Several studies have applied seismic interferometry to DAS data to obtain velocity structures. Song et al. (2021) applied seismic interferometry to DAS observations conducted using fiber-optic cables running under two roads in China. The results showed that one road had a shallow velocity structure, whereas, for the other road, which had heavy vehicle traffic, the noise sources were distributed in a non-uniform and non-isotropic manner, making it impossible to extract surface waves from seismic interferometry. Song et al., (2022) applied three-station interferometry (TSI) in the above section to solve this problem. The TSI method could extract surface waves, and the shallow velocity structure at this road was clarified, although the noise source distribution was complex.
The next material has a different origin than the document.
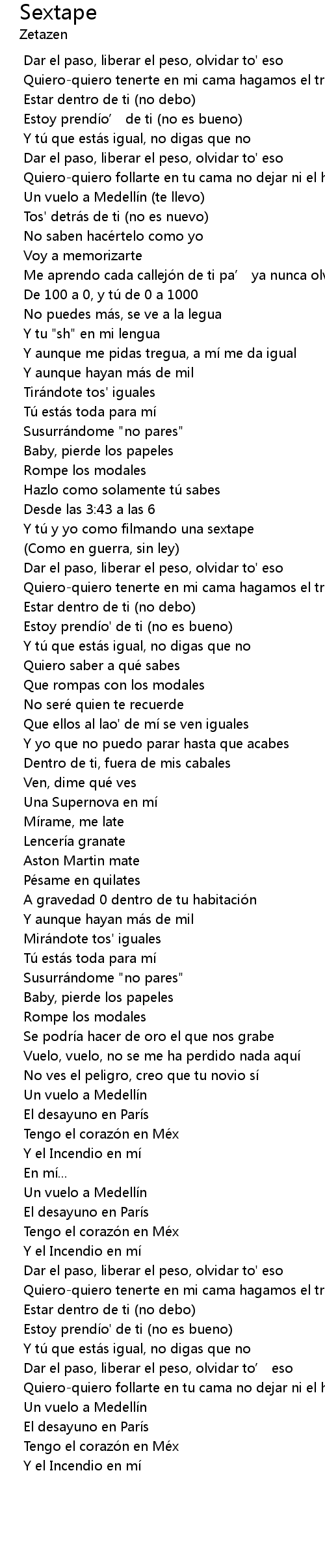 | [00:38.065] | Un vuelo a Medellín (te llevo) |

Stehly et al. (2008) reconstructed the surface wave signal between two stations by calculating the cross-correlation between the coda waves of the noise cross-correlation function (NCF) obtained from the two stations and a third station (C3: Correlation of Coda of Correlation). By analyzing a continuous record of 150 stations, Froment et al. (2011) demonstrated that C3 can sufficiently suppress the effects caused by the distribution of anisotropic noise sources. TSI for direct waves was proposed by Curtis et al. (2010), which uses the entire NCF instead of the coda waves of the NCF, and the cross-correlation and convolution are calculated based on the locations of the virtual sources and receiver points, as described above. Qiu et al. (2021) improved the signal-to-noise ratio of surface waves extracted from the NCFs of a linear seismometer array using the TSI method.
In this study, DAS observations were conducted using fiber-optic cables laid underground along National Route 3 in Kumamoto. Seismic interferometry and the TSI methods were then applied to the observed data. Finally, surface wave and inversion analyses were performed to determine the shallow S-wave velocity structure of the national route along the Hinagu Fault.